Things have gone from bad to worse for troubled automotive company Nissan Motor Co., as they reported a 99 percent plunge in their first quarter operating profit.
The company, based in Yokohama, Japan, said it was hurt by an aging product line and a slide in vehicle sales in the U.S. and Europe. In response to the massive financial loss, Nissan announced that it will cut 12,500 jobs globally. Those cuts represent about a tenth of Nissan’s workforce, and more than double the 4,800 job reductions announced in May of this year.
The drop in operating profit was much worse than the 66 percent decline forecast by automotive analysts. The poor results come after the arrest of former Nissan Chairman Carlos Ghosn on charges of financial crimes and corruption last November.
Nissan also said in a news release that it will cut global production capacity by 10 percent by the end of 2022 and reduce its product lineup by “at least” 10 percent in that period to improve product competitiveness. Still, the automaker has maintained its full-year forecasts. The car maker issued an outlook in May for operating profit of 230 billion yen, on revenue of 11.3 trillion yen.

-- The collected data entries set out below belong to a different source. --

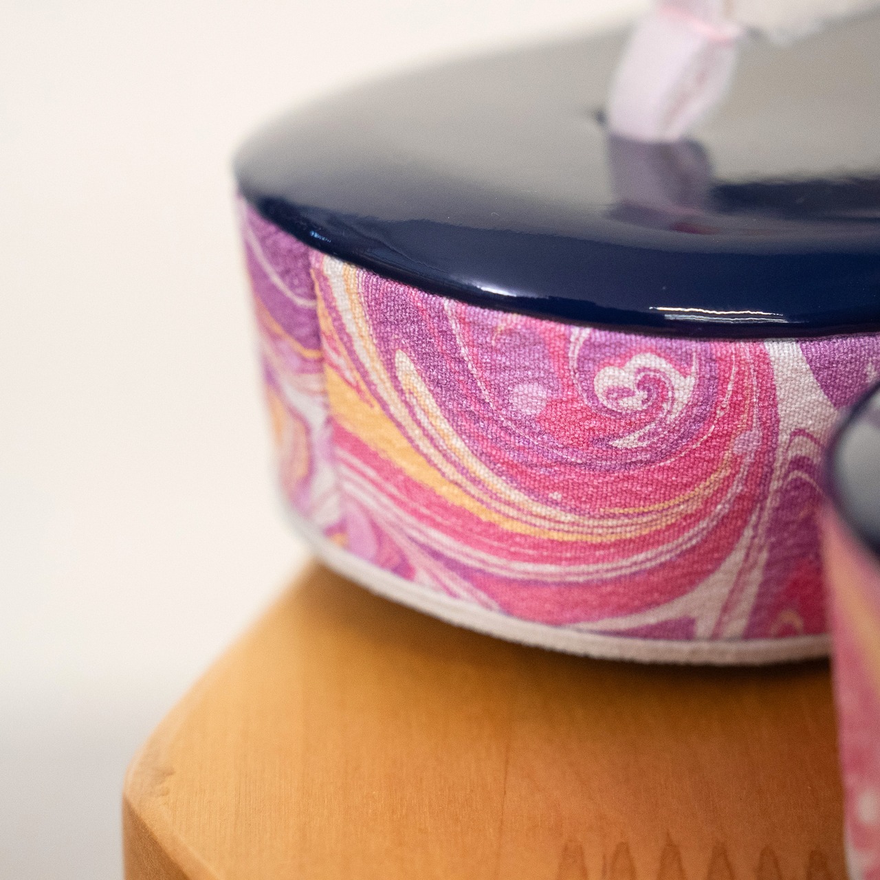 墨流しの生地が全体に立体感と陰影を与え、高級感のある仕上がりとなっています。
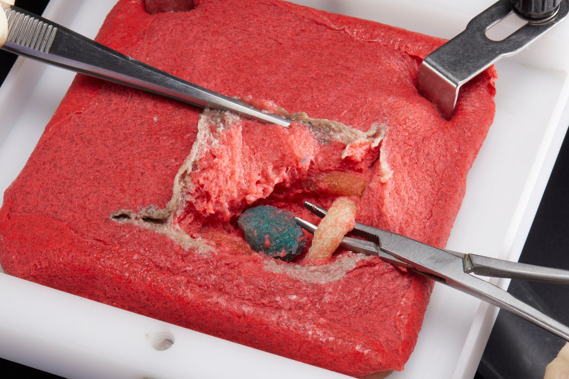 シリコンやプラスチック製のモデルを使ったトレーニング(ドライラボ)よりリアルで、生体を使ったトレーニング(ウェットラボ)より清潔なトレーニングを実現します。
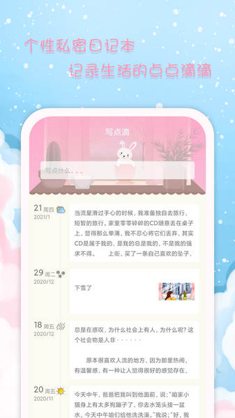 里面还有个性私密的日记本,便于用户可以在线记录自己生活的点点滴滴。
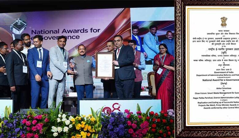 राष्ट्रीय ई-गवर्नेस पुरस्कार 2025 (जूरी) के लिए नगर पालिका परिषद, ललितपुर को उत्तर प्रदेश में सतत विकास हेतु स्मार्ट अपशिष्ट प्रबंधन के लिए चयनित किया गया है, जिसके लिए तत्कालीन #जिलाधिकारी IAS अक्षय त्रिपाठी जो अब बहराइच के #कलेक्टर है और ललितपुर अपर जिलाधिकारी वित्त एवं राजस्व #PCS अंकुर श्रीवास्तव, को पुरस्कार कार्मिक, लोक शिकायत और पेंशन राज्य मंत्री डॉ. जितेंद्र सिंह द्वारा आंधप्रदेश के जिला विशाखापट्नम में आयोजित कार्यक्रम में भारत सरकार के प्रशासनिक सुधार और लोक शिकायत विभाग द्वारा श्रेणी-राष्ट्रीय ई-गवर्नेस पुरस्कार, प्रधानमंत्री उत्कृष्टता पुरस्कार, अन्य केन्द्रीय मंत्रालयों द्वारा प्रदान किए गए पुरस्कारों जैसी सफल राष्ट्रीय स्तर की पुरस्कृत परियोजनाओं की पुनरावृत्ति और उनके विचार के लिए नगर पालिका परिषद, ललितपुर उत्तर प्रदेश को स्वच्छ भविष्य ललितपुर, उत्तर प्रदेश में सतत विकास हेतु स्मार्ट अपशिष्ट प्रबंधन के लिए नगर पालिका परिषद, ललितपुर को राष्ट्रीय-ई-गवर्नेस पुरस्कार 2025 (जूरी) से सम्मानित किया गया है
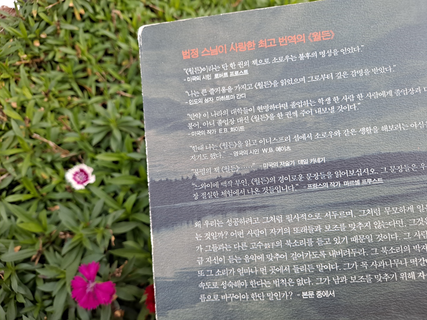 앞만 보고 바쁘게 살다 보니 어느새 황혼 녘에 서 있는 경우가 참으로 많습니다. 얽매임 없이 자유로운 삶을 위한 첫걸음은 많이 소유하지 않은 게 아닐까요? 물질에 대한 욕망을 내려놓을 때 우리는 편안해지는 자신을 발견합니다. 소박하게 산다면 절도나 강도는 존재하지 않을 것이라는 확신 속에서 살았던 소로우의 정신에서 마치 초록숲이 뿜어내는 듯한 기운을 느낍니다.
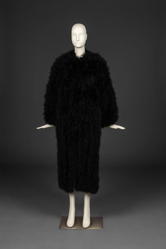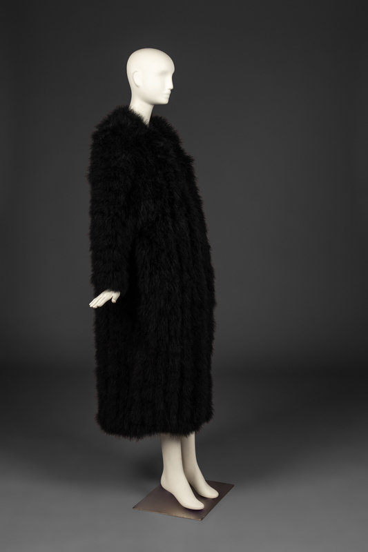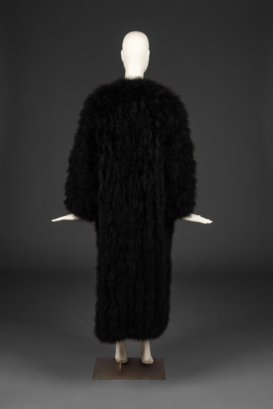 Black, collarless marabou feather coat. Hook closure at neckline and full lining.

Nissan saw U.S. vehicle sales drop 15 percent in June, bringing the total decline this year to 8.2 percent. Deliveries in China, Nissan’s biggest market, dipped 0.3 percent in the first half of 2019. Shares of Nissan are down 11 percent this year, following a 22 percent slump in 2018.
The car maker recently revamped the Nissan Skyline with new design changes and features to make it more appealing to the Japanese market, and is also betting that passenger cars, especially electric sedans, will drive future sales in China, Latin America, and other emerging markets.